At least, McCullum takes comfort, whether intended or not, from the way Reid’s shoulders finally square. The way the doctor looks away and moves away. Only just enough that McCullum’s hand slides off his shoulder. But that nonetheless leaves McCullum shivering and regretful for so many things beyond either of their control or best intentions.

“Your dedication and fidelity honor her memory . . . and do you much credit,” he finds himself saying; stilted, but not at all surprised that he truly means it.

Reid takes an unnecessary but deep and shaking breath in. He does not let it out for a long time. When exhale he finally does, it is only to say McCullum’s first name very softly . . . raw and slightly choked. Then, followed by a tone much more like his usual one as he adds a simple: “Thank you.”

McCullum doesn’t know if he’s grateful for Reid’s customary earnest and honest resolve, leavened only sparingly by his awkward-genteel discretion . . . or driven up the nearest wall by it. He’s certain that he doesn’t want it to matter either way and also certain that it very-well-does.

But he says none of that. One of the most exasperating facts of McCullum’s ill-conceived life is how easily he and Reid can communicate with silences at least as well as they do with words. It’s eerie and infuriating and probably dangerous. _Certainly_ dangerous. Yet, McCullum doesn’t say that, either, since Reid likely already knows it and . . . understands.

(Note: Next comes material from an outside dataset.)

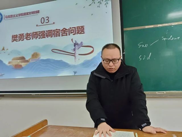 在安全主题教育班会上,樊勇依次谈到人身安全、财产安全、宿舍电器安全、假期出行安全等要点,他提醒大家假期出行期间一定要关注自身安全,这既是对自己负责,也是对家人朋友负责。李佳在走访宿舍时特别叮嘱同学们要注意宿舍安全问题,做好安全防范,有问题及时向辅导员、学院反馈,引导学生规范用电行为,遵守校规校纪,养成良好的生活卫生习惯。
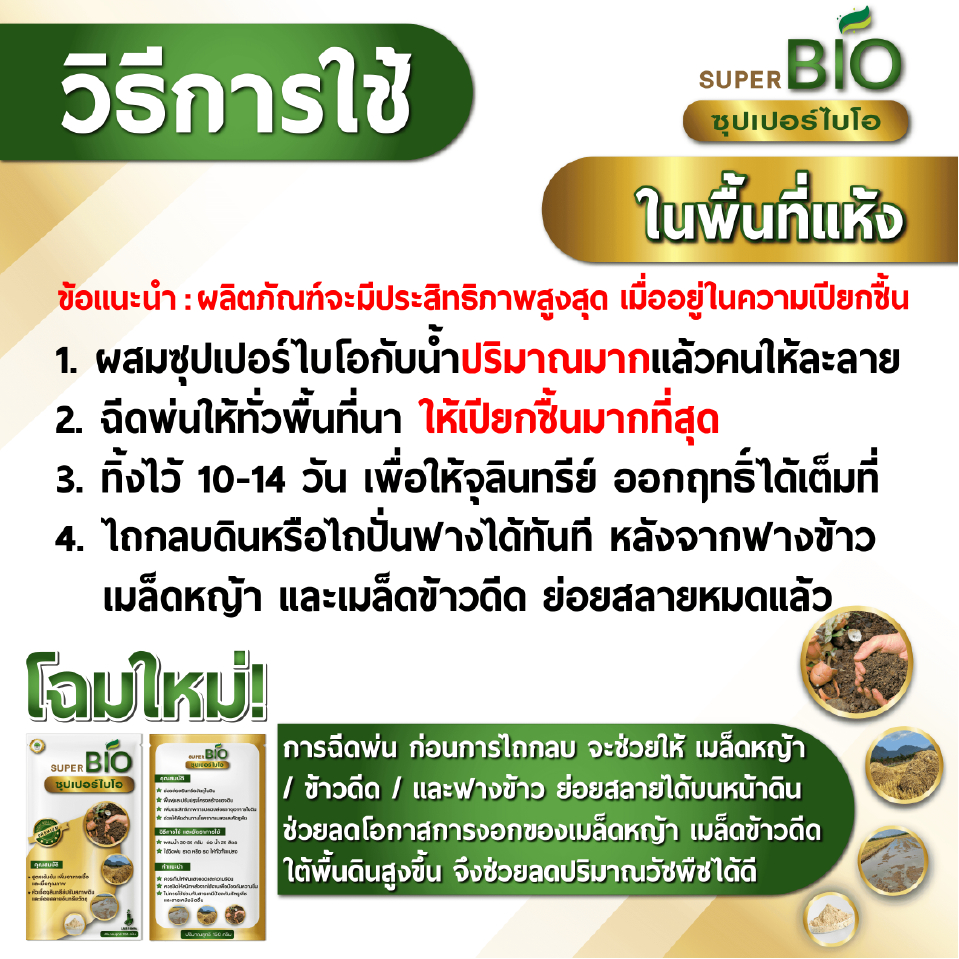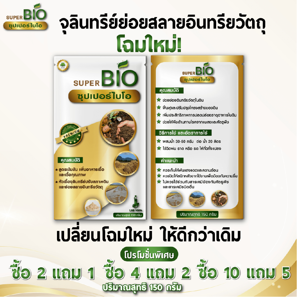 ซุปเปอร์ไบโอ จุลินทรีย์ย่อยสลายฟาง แพ็ค 4 แถม 2 ซอง ตราเทพมงคล ชนิดผง 150 กรัม

And is probably spinning his wheels as anxiously about it as McCullum is, if not more so.

“If I’m to be making a temporary safehouse of the Pembroke, I suppose I must report to your Nurse Branagan for my bed-assignment and ration-allotment?”

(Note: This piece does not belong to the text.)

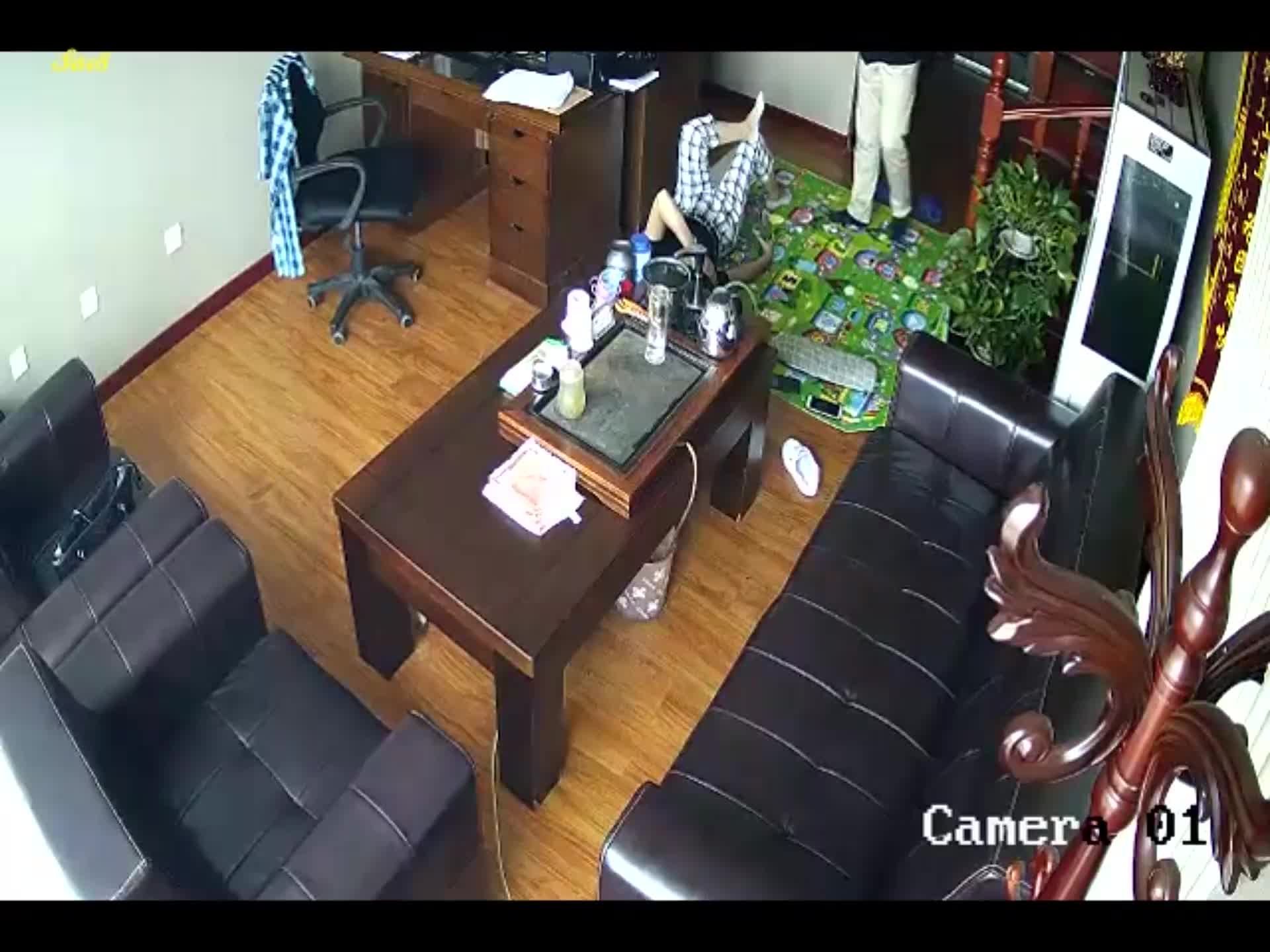 经理和公司出纳勾搭上了午休时间在办公室偷情被监控拍下。

Reid turns to face him again, smiling a tiny bit. “Ah. Perhaps, after the night you’ve had, it would be best if I acted as your proxy in that matter. Nurse Branagan is a kind soul, but . . . she will perhaps be kinder to _you_ if she doesn’t have you . . . rubbed in her face, so to speak.”

McCullum shakes his head. No doubt, Nurse Branagan has been as misguided in her opinion of Pembroke Hospital’s former administrator, Dr. Edgar Swansea, as Reid, himself, had been. But disabusing her and the rest of the staff at the Hospital of their assumptions isn’t McCullum’s job any longer, now that the threat Swansea had posed has been neutralized. They can canonize the wretch, for all _McCullum_ cares.

Though, he finds himself unsurprised Reid _is bothered_ by it on many fronts, not least of which seems to be that he genuinely does not like the idea of his staff thinking poorly of McCullum, even beyond the standard of their professional care.

Really, Reid is the _oddest_ anomaly of a leech McCullum has ever come across. Though he’s beginning to understand that Reid’s oddness has little to do with having been turned. Reid simply is who and as he is, and death—even his own—had not changed that.

McCullum can relate to that—even grudgingly admires it at least as much as he is bemused by it.

“Watching you contort yourself to be discreet is at once entertaining and exhausting, Dr. Reid. It’s no wonder you aren’t a _proper_ leech—you haven’t the energy left to be, after being so _posh-and-pretty-please_ all night long. You’ve got the whole of London fooled but not me,” he notes, almost smiling himself. Reid’s own small smile widens briefly and his brows lift.

“Yes. You’ve seen through my intricate deception, at last. I was beginning to despair of you, altogether.”

At this, McCullum huffs a startled laugh. When the moment of levity passes, he’s left slumping and yawning. Not-so-suddenly exhausted and leaden-loose. He feels he could sleep for a century, provided that it’s somewhere he won’t likely be murdered while he dozes.

Reid’s bloodless lips twitch, and his icy-pale eyes seem to warm and flicker. “I should speak with Nurse Branagan immediately.” But he simply stands there, staring at McCullum without blinking or moving. McCullum clears his throat and turns beet-red for no reason that bears mentioning or examining.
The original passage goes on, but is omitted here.